---------- Stored data ----------
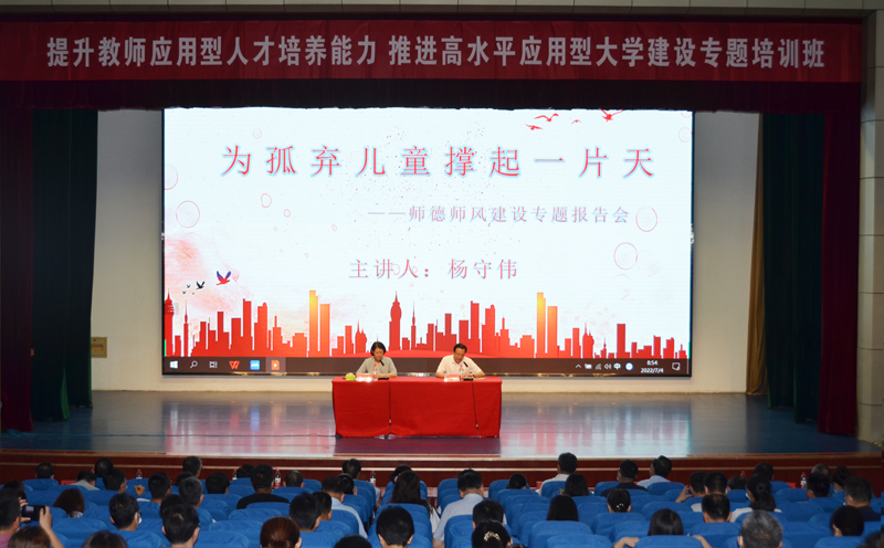 7月4日,学校邀请全国优秀共产党员、“齐鲁时代楷模”、潍坊市儿童福利院副院长杨守伟为我校教师作了题为《为孤弃儿童撑起一片天》的专题报告。杨守伟用真挚的情感和质朴的语言动情讲述了自己22年如一日,无私奉献,无怨无悔,当好孤弃儿童妈妈的感人事迹。杨守伟的事迹,在全校教师中引起强烈反响,他们纷纷表示,这是一次心灵的净化、思想的升华、精神的洗礼,将坚守立德树人初心,不断涵养高尚师德,传播正能量,传授专业的理论知识和超高技术,努力成为学生思想和灵魂的导师。
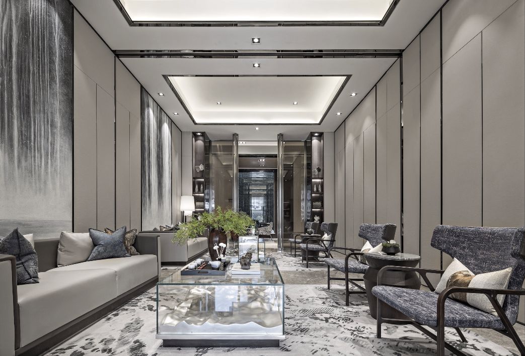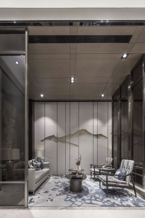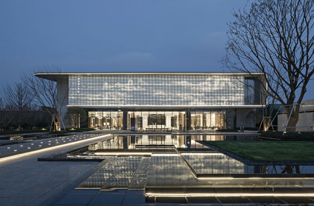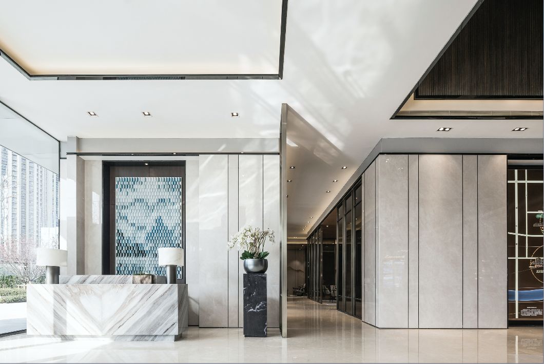 前厅接待区与建筑外观相呼应,统一并且有强烈立面感的空间关系,融汇成了一处具有进深感、内外交融的无界山水空间。
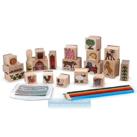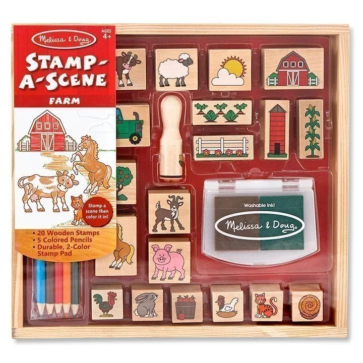 It’s a complete arts & crafts activity and storytelling kit in one! • Stamp a scene and then colour it in! • 20 Rubber-faced, Wooden-handled outline Stamps • 5 Coloured Pencils • Durable, 2-colour Stamp Pad • Everything packed conveniently inside a wooden case.
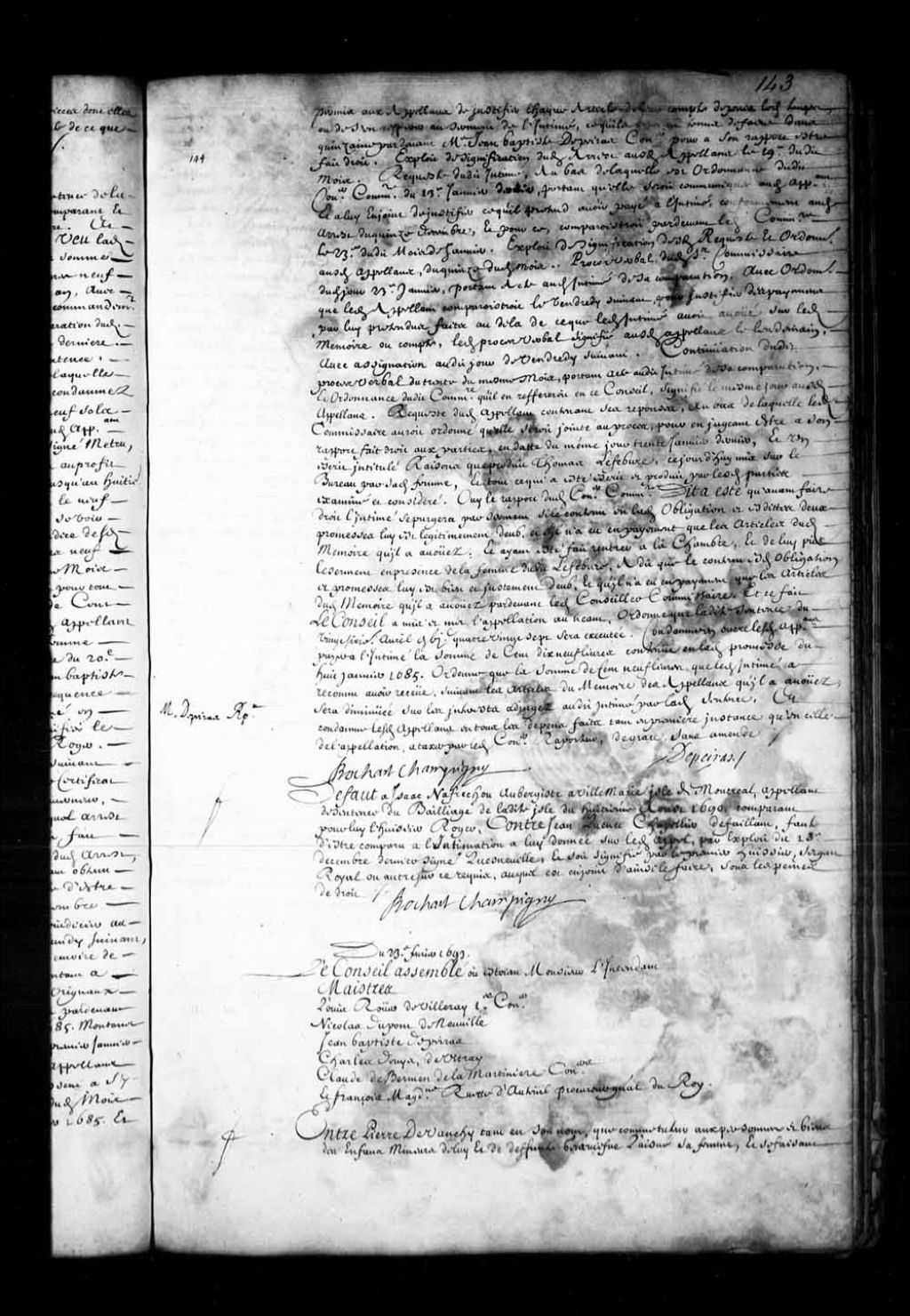 - Transcription du texte avec orthographe modernisée : «Du 23 février 1693. Le Conseil assemblé où étaient Monsieur l'intendant Maîtres Louis Rouer de Villeray premier conseiller. Nicolas Dupont de Neuville. Jean-Baptiste Depeiras. Charles Denys de Vitray. Claude de Bermen de la Martinière conseillers. Et François Madeleine Ruette d'Auteuil procureur général du Roi. Monsieur l'évêque est entré. Entre Pierre DE VANCHY tant en son nom, que comme tuteur aux personnes et biens des enfants mineurs de lui et de défunte Geneviève Laîné sa femme, et se faisant fort de Laurent Glory dit Labière, à cause de Françoise de Vanchy sa femme, l'une desdits mineurs, demandeur en entérinement de requête, répondue en ce Conseil le dernier juin 1692 d'une part. Et Jean-Baptiste Potier substitut du procureur fiscal au bailliage de Ville-Marie île de Montréal, défendeur d'autre part. Lecture faite d'arrêt rendu en ce Conseil sur ladite requête le sept juillet audit an, par lequel et pour les causes y contenues, lesdits mineurs sont restitués à l'encontre de sentences dudit bailliage, et permis à eux de faire assigner qui bon leur semblera à jour certain et compétent, au bas duquel est exploit de signification d'icelui et assignation au défendeur en date du 18e août, signé Pruneau. Défaut obtenu en ce Conseil par ledit de Vanchy à l'encontre dudit défendeur, faute de comparution à ladite assignation en date du 20e octobre ensuivant, signifié le onze décembre audit an, par exploit du même huissier. De défenses contre l'exposé en ladite requête, de répliques dudit demandeur aux dites défenses. Et de réponses aux dites répliques. De sentence rendue audit bailliage par maître Hilaire Bourgine procureur fiscal tenant le siège pour l'absence du bailli entre Pierre Cabazié au nom et comme procureur de Urbain Bouvier et Geneviève de Vanchy sa femme, et ledit de Vanchy le 24e octobre 1690 par laquelle il est dit entre autres choses que les meubles et immeubles seraient partagés, et en cas qu'ils ne le pussent être qu'ils seraient vendus à l'encan, et les immeubles par licitation, si mieux n'aimait ledit de Vanchy payer auxdits Bouvier et sa femme la part qui leur pouvait appartenir en la succession de ladite défunte Geneviève Laîné leur mère, sur le pied de la prisée en l'inventaire de requête dudit Cabazié audit nom, et ordonnance du quatre novembre audit an signée Bourgine, portant que ladite sentence du 24e octobre serait exécutée, et à ces fins les gardiens des meubles et bestiaux seraient tenus les représenter, ce faisant valablement déchargés, et à leur refus appelés au mardi suivant. De sentence rendue par le bailli dudit Montréal entre Jean-Baptiste de Celoron écuyer sieur de Blainville, et ledit de Vanchy le 21e novembre audit an. D'arrêt de ce Conseil du 26e février 1691 rendu entre ledit de Vanchy au nom qu'il procède, et ledit Urbain Bouvier, et des pièces y énoncées et datées produites par ledit de Vanchy, et entre autres les sentences dont il était appelant rendues par ledit Potier défendeur, et ouï lesdites parties, ensemble le procureur général du Roi en ses conclusions, le Conseil a déclaré et déclare ledit Potier avoir été follement pris à partie, et condamne ledit de Vanchy, en son nom, en ses dépens dommages et intérêts, desquels entreront ceux de ses voyage et séjour, à taxer par maître Louis Rouer de Villeray conseiller et de grâce sans amende, défenses audit de Vanchy de dire verbalement ni par écrit aucunes injures contre ledit Potier, sous telle peine que de raison. BOCHART CHAMPIGNY.»
----------
Work item: Everything in the material above is to be reproduced exactly, pictures aside.

Expected output:
 7月4日,学校邀请全国优秀共产党员、“齐鲁时代楷模”、潍坊市儿童福利院副院长杨守伟为我校教师作了题为《为孤弃儿童撑起一片天》的专题报告。杨守伟用真挚的情感和质朴的语言动情讲述了自己22年如一日,无私奉献,无怨无悔,当好孤弃儿童妈妈的感人事迹。杨守伟的事迹,在全校教师中引起强烈反响,他们纷纷表示,这是一次心灵的净化、思想的升华、精神的洗礼,将坚守立德树人初心,不断涵养高尚师德,传播正能量,传授专业的理论知识和超高技术,努力成为学生思想和灵魂的导师。
 前厅接待区与建筑外观相呼应,统一并且有强烈立面感的空间关系,融汇成了一处具有进深感、内外交融的无界山水空间。
 It’s a complete arts & crafts activity and storytelling kit in one! • Stamp a scene and then colour it in! • 20 Rubber-faced, Wooden-handled outline Stamps • 5 Coloured Pencils • Durable, 2-colour Stamp Pad • Everything packed conveniently inside a wooden case.
 - Transcription du texte avec orthographe modernisée : «Du 23 février 1693. Le Conseil assemblé où étaient Monsieur l'intendant Maîtres Louis Rouer de Villeray premier conseiller. Nicolas Dupont de Neuville. Jean-Baptiste Depeiras. Charles Denys de Vitray. Claude de Bermen de la Martinière conseillers. Et François Madeleine Ruette d'Auteuil procureur général du Roi. Monsieur l'évêque est entré. Entre Pierre DE VANCHY tant en son nom, que comme tuteur aux personnes et biens des enfants mineurs de lui et de défunte Geneviève Laîné sa femme, et se faisant fort de Laurent Glory dit Labière, à cause de Françoise de Vanchy sa femme, l'une desdits mineurs, demandeur en entérinement de requête, répondue en ce Conseil le dernier juin 1692 d'une part. Et Jean-Baptiste Potier substitut du procureur fiscal au bailliage de Ville-Marie île de Montréal, défendeur d'autre part. Lecture faite d'arrêt rendu en ce Conseil sur ladite requête le sept juillet audit an, par lequel et pour les causes y contenues, lesdits mineurs sont restitués à l'encontre de sentences dudit bailliage, et permis à eux de faire assigner qui bon leur semblera à jour certain et compétent, au bas duquel est exploit de signification d'icelui et assignation au défendeur en date du 18e août, signé Pruneau. Défaut obtenu en ce Conseil par ledit de Vanchy à l'encontre dudit défendeur, faute de comparution à ladite assignation en date du 20e octobre ensuivant, signifié le onze décembre audit an, par exploit du même huissier. De défenses contre l'exposé en ladite requête, de répliques dudit demandeur aux dites défenses. Et de réponses aux dites répliques. De sentence rendue audit bailliage par maître Hilaire Bourgine procureur fiscal tenant le siège pour l'absence du bailli entre Pierre Cabazié au nom et comme procureur de Urbain Bouvier et Geneviève de Vanchy sa femme, et ledit de Vanchy le 24e octobre 1690 par laquelle il est dit entre autres choses que les meubles et immeubles seraient partagés, et en cas qu'ils ne le pussent être qu'ils seraient vendus à l'encan, et les immeubles par licitation, si mieux n'aimait ledit de Vanchy payer auxdits Bouvier et sa femme la part qui leur pouvait appartenir en la succession de ladite défunte Geneviève Laîné leur mère, sur le pied de la prisée en l'inventaire de requête dudit Cabazié audit nom, et ordonnance du quatre novembre audit an signée Bourgine, portant que ladite sentence du 24e octobre serait exécutée, et à ces fins les gardiens des meubles et bestiaux seraient tenus les représenter, ce faisant valablement déchargés, et à leur refus appelés au mardi suivant. De sentence rendue par le bailli dudit Montréal entre Jean-Baptiste de Celoron écuyer sieur de Blainville, et ledit de Vanchy le 21e novembre audit an. D'arrêt de ce Conseil du 26e février 1691 rendu entre ledit de Vanchy au nom qu'il procède, et ledit Urbain Bouvier, et des pièces y énoncées et datées produites par ledit de Vanchy, et entre autres les sentences dont il était appelant rendues par ledit Potier défendeur, et ouï lesdites parties, ensemble le procureur général du Roi en ses conclusions, le Conseil a déclaré et déclare ledit Potier avoir été follement pris à partie, et condamne ledit de Vanchy, en son nom, en ses dépens dommages et intérêts, desquels entreront ceux de ses voyage et séjour, à taxer par maître Louis Rouer de Villeray conseiller et de grâce sans amende, défenses audit de Vanchy de dire verbalement ni par écrit aucunes injures contre ledit Potier, sous telle peine que de raison. BOCHART CHAMPIGNY.»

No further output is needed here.